Я глотнул еще немного вина.
— Но слишком много всего произошло, Фи, — сказал я ей. — Я эмоционально онемел. Я вырвался из сумасшедшего дома на Отражении. Я обманывал людей и убивал людей. Я отвоевывал свою память и пытался поправить свою жизнь. Я нашел свою семью и обнаружил, что люблю ее. Я примирился с отцом. Я сражался за корону. Я испробовал все, что знал, чтобы удержать мир от распада. Теперь похоже, что все это ни к чему не привело и у меня не осталось достаточно духу, чтобы скорбеть дальше. Я онемел. Прости меня.
Она поцеловал меня.
— Мы еще не разбиты, ты снова станешь собой, — сказала она.
Я покачал головой.
— Это вроде последней главы «Алисы», — сказал я. — Если я крикну: «Мы всего навсего ведь колода Карт!», то чувствую, что все мы подымаемся в воздух и полетим, набором разрисованных картинок. Я не еду с вами. Оставьте меня здесь. В любом случае я всего лишь Джокер.
— Прямо сейчас я сильнее, чем ты, — заметила она. — Ты едешь.
— Это нечестно, — мягко заметил я в ответ.
— Приканчивай еду. Время еще есть.
Когда я это сделал, она продолжила:
— Твой сын, Мерлин, ждет встречи с тобой. Я хотела бы позвать его сейчас сюда.
— Пленник?
— Не совсем. Он не участвовал в битве. Он просто прибыл не так давно, прося встречи с тобой.

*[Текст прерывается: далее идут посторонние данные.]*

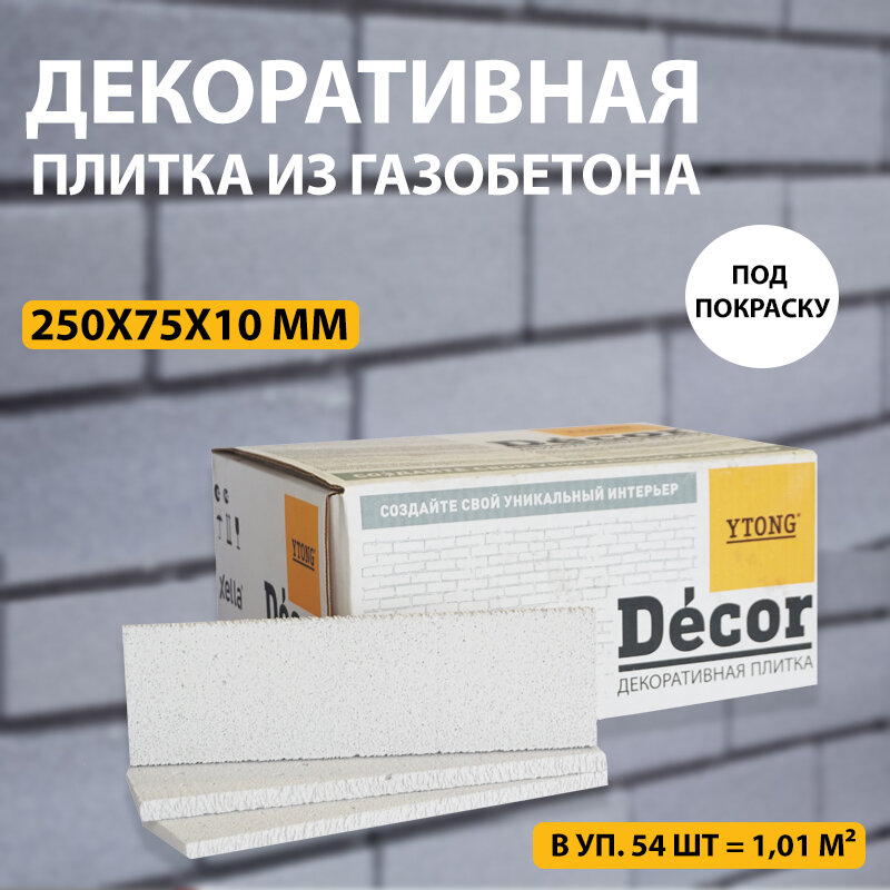 Купить Декоративная плитка YTONG ISTKULT Decor, для покраски, 250x10x75 мм, 54шт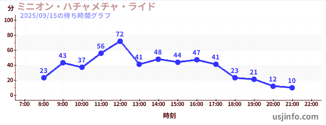 • ミニオン・ハチャメチャ・ライド$B$N(B2025年09月15日の待ち時間

Я кивнул и она ушла. Я забросил еду и сделал еще один большой глоток вина. Я попросту стал нервничать. Что бы вы сказали взрослому сыну, о существовании которого лишь недавно узнали? Я терялся в догадках, насчет его чувств ко мне. Я гадал, знал ли он о решении Дары? Как мне следует вести себя с ним?
Я следил, как он приближается ко мне от места, где скопились мои родственники, дальше влево от меня. Я гадал, почему они так вот предоставили меня самому себе. Чем больше визитеров я принимал, тем очевиднее это становилось. Я гадал, не задерживаются ли они с отправлением изза меня. Влажные ветры грозы становились все сильней. Он глядел на меня во все глаза, когда подходил, без всякого особого выражения на этом лице, так сильно похожим на мое собственное. Я гадал, как теперь чувствует себя Дара, когда ее пророчество о разрушении, кажется, исполнилось. Я хотел бы знать, как сложились ее отношения с этим парнем. Я хотел бы знать… много чего.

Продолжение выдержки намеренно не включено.